I find it interesting to see that the analyze portion of the code is only a few tens of lines long. I’ve always read that ironbee was made to be easily portable and I think this is a proof of this statement.
It also shows that the internal API of haproxy 1.6/1.7 is much more suited to run such analysis than what we used to have previously, it may open the way to other future analysis.
I suspect that once we merge Christopher’s filters, the code could be easily ported to use them without requiring any http-request rule and could be a good validation of the model (just for experimental purposes as well).
Regarding the header parser, you could simplify it by calling http_find_full_header2(0, 0, txn->req.chn->buf->p, idx, ctx)
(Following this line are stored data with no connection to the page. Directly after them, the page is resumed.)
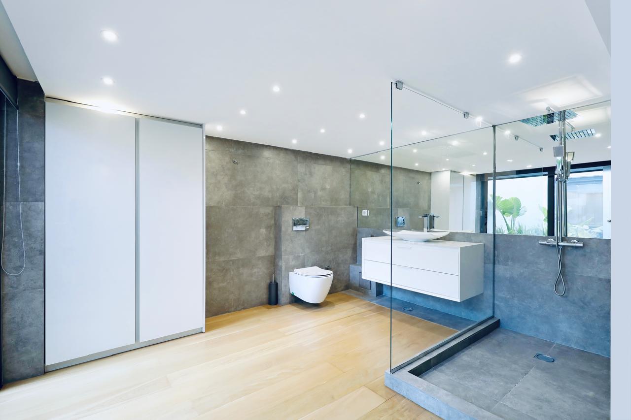 make the bathroom modern and include a sauna
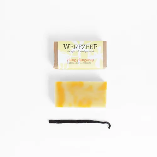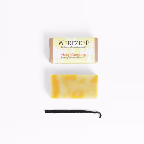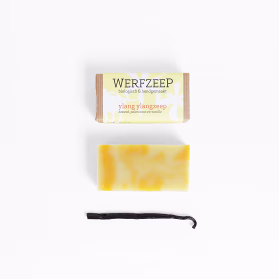 Ylang ylangzeep bevat etherische bloemenoliën en absolue van de heerlijke, vanille-achtig geurende hars van benzoë. Speciaal voor ylang ylangzeep macereren we heerlijk stroperige biologische vanillestokjes, dat zie je soms terug aan de zwevende stipjes in je zeep.
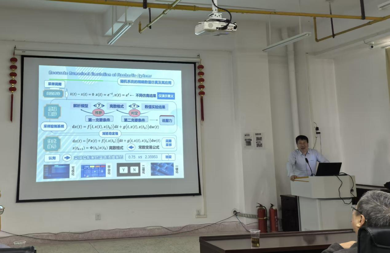 沙龙由邓飞其教授和金鹏老师担任主讲嘉宾。邓飞其教授以《滞后随机系统的建模、分析、数值仿真及其应用》为题,系统阐述了具有滞后效应与随机干扰的复杂系统理论,并结合实际应用场景,展示了其研究的前沿价值与实用意义。

, it will iteratively return each header with the name in ctx->val, the name length in ctx->del
, the start of the header’s value in ctx->val
and the value’s length in ctx->vlen
. That’s apparently 22 lines which can be removed.
Regarding the accesses to /dev/random, it’s possible that some initialization code needs to be called the first time before the chroot/fork. We’ve seen this in other libs as well, they needed some random and were causing an open of /dev/random or /dev/urandom during the first call.
Out of curiosity, have you checked memory usage and performance impact ?
I think this code could serve as a nice example to show how to contribute code adding support for various libs (device identification, waf, url filters, etc). I’m not sure it would make sense to merge it in mainline considering there is little to no demand for a waf in haproxy (and we’ve even heard a few people congratulate us for not wasting resources on such features), but it depends on what people think about it and how it performs.